Congo's Kabila, in power for 17 years, won't contest next election
Kabila had retained a grip on power despite his term ending in 2016
Congo's President Joseph Kabila will not stand in the election scheduled for December, a spokesperson said, finally agreeing to obey a two-term limit but picking a hard-core loyalist under European Union sanctions to stand instead.
The announcement on Wednesday by spokesperson Lambert Mende that former interior minister Emmanuel Ramazani Shadary would represent Kabila's ruling coalition in the Dec. 23 vote came just hours before the deadline to register candidates.
The announcement that Kabila will not run again for the People's Party for Reconstruction and Democracy (PPRD) will ease fears in the region and beyond that a Kabila candidacy would drag the country back into the civil wars of the turn of the century in which millions died, mostly from hunger and disease.
"What matters for the moment is that the constitution, whether willingly or not, has been respected," said Senator Jacques Ndjoli of the opposition Movement for the Liberation of the Congo (MLC) party.
Opposition leaders fear the goodwill Kabila could earn from not seeking a new term could make it easier for his coalition to cheat and are concerned about electronic voting machines due to be used for the first time.

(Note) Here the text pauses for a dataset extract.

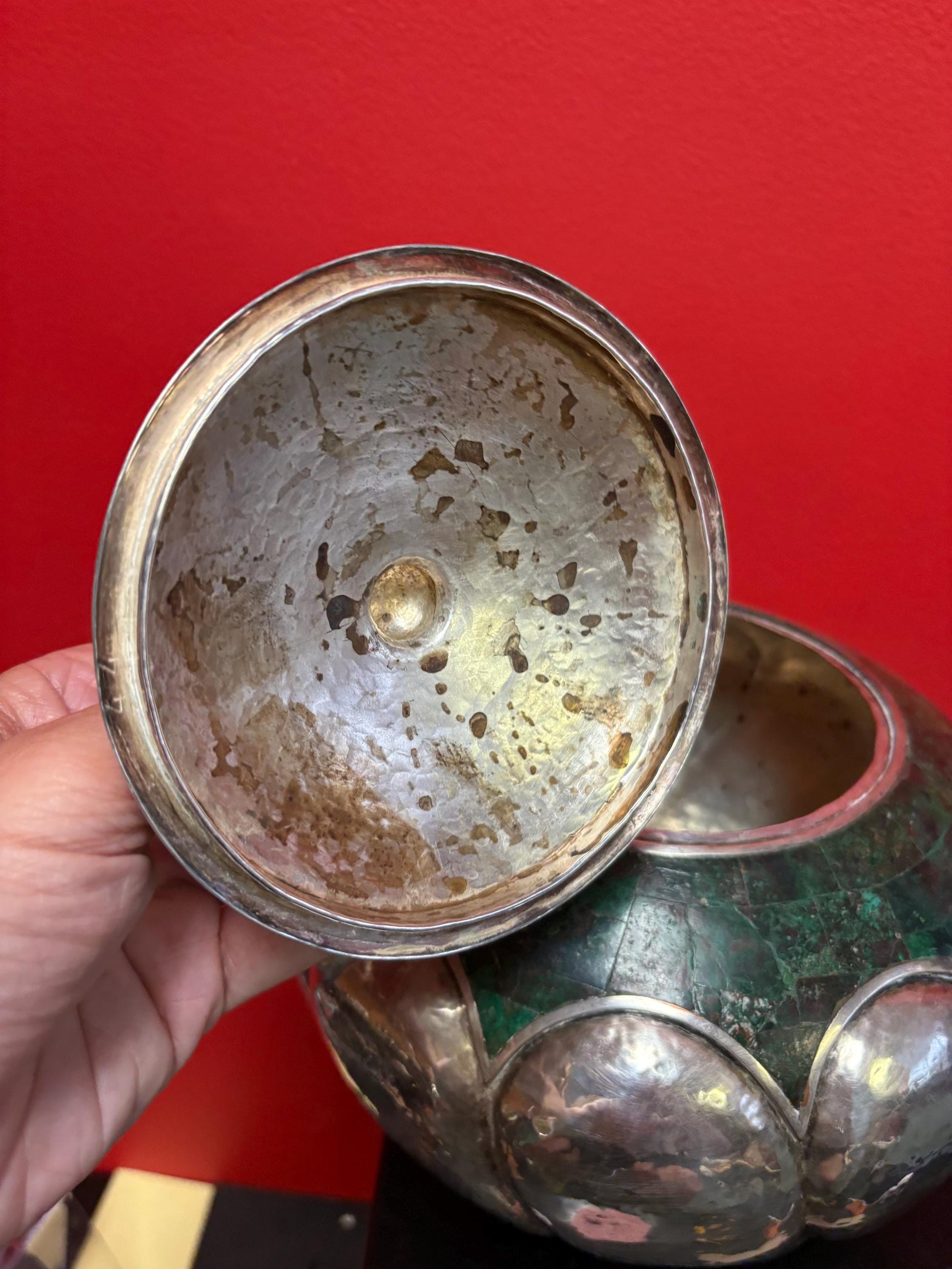 Museum quality los Costillo taxaco Mexico silver and malachite style finish approx 7 inches tall wow 1.2 KG

His supporters dismiss these concerns.
"Today, Kabila has shown that he is the father of democracy in Congo," Patrick Nkanga, a PPRD official, told Reuters by telephone.
Welcomed move
Kabila's second term ended in late 2016, but a new election was frequently postponed. He has been in power since days after his father, Laurent-Désiré, was assassinated while president in 2001.

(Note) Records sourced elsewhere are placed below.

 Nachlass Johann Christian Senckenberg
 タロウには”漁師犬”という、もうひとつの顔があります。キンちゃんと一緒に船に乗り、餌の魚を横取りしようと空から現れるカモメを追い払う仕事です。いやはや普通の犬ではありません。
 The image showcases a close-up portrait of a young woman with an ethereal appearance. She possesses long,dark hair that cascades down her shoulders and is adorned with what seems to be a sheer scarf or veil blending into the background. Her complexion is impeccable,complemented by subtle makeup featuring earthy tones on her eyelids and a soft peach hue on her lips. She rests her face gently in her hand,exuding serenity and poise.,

The Dec. 23 vote should now herald Congo's first democratic transition of power following decades marked by authoritarian rule, coups and deadly conflict.

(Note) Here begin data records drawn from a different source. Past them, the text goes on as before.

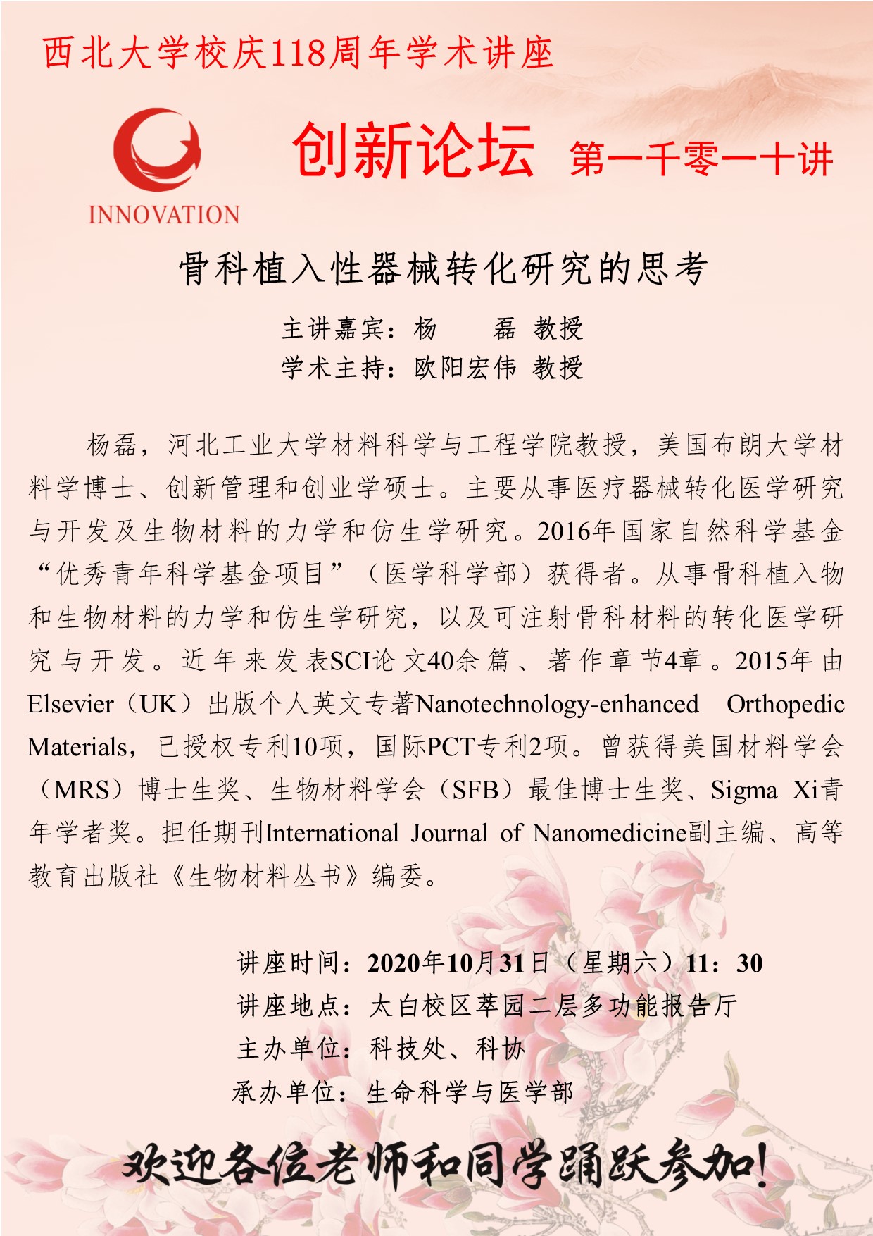 杨磊 教授 九游会在线登录官网创新论坛第一千零一十讲暨校庆118周年学术讲座:骨科植入性器械转化研究的思考 讲座时间 2020年10月31日(星期六)11:30 讲座地点 太白校区萃园二层多功能报告厅 讲座人介绍 杨磊 教授 讲座内容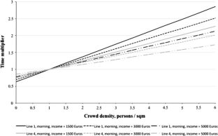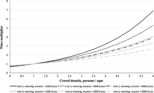 Crowding in PT systems can be estimated according to different metrics. Load factors correspond to the ratio between the number of users in the trains and the number of seats proposed. Because this measure does not consider the varying in-vehicle design of the rolling-stock, passenger density is generally preferred. This will be our measure of crowding in this article. Note also that, in Japan, crowding is measured through the “Japan Industrial Standard” that merges together the seat and the standing capacities of the vehicles see Kato (2014).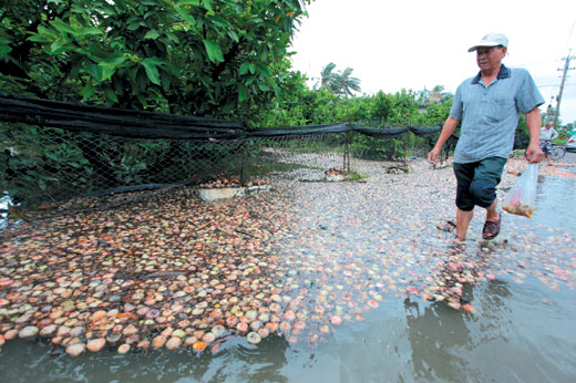 豪大雨造成屏東林邊淹水不退,當(dāng)?shù)厣忟F落果嚴(yán)重,農(nóng)民欲哭無(wú)淚,擔(dān)心連蓮霧樹株也將不保。圖片來(lái)源:臺(tái)灣《聯(lián)合報(bào)》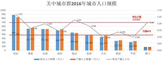 关中城市群10个城市人口基数均值为413万人。人口指数TOP3城市为:西安、渭南、咸阳。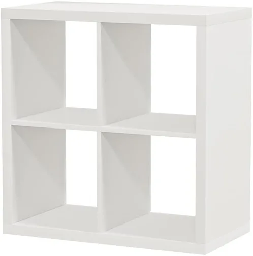 2×2 encima de otros muebles: para colecciones pequeñas o como extensión de almacenaje existente. El 2×2 tiene la altura justa para colocarse encima de una mesa o de otro mueble bajo.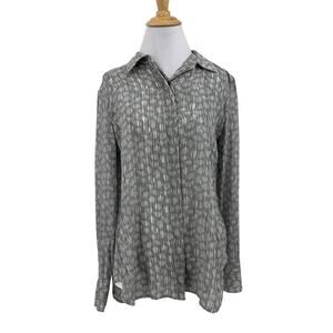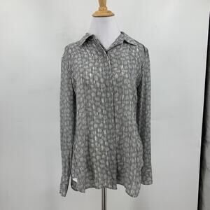 Theory Blouse Womens M Medium Multi Silk Hidden Button Collar 2 Pc Cami Set

But U.S. Ambassador to the United Nations Nikki Haley, while welcoming Kabila's announcement, said in a statement on Wednesday that much more needed to be done to ensure a credible election in December.
Several opposition candidates, including former vice-president Jean-Pierre Bemba for the MLC and the president of Congo's largest opposition party Félix Tshisekedi, have also registered to run.
Bemba recently returned to the country after being convicted, and then acquitted on appeal, of war crimes by the International Criminal Court (ICC) in The Hague.
By the close of registration on Wednesday evening, more than two dozen candidates had filed papers to run in the election. The definitive list of candidates will be published on Sept. 19.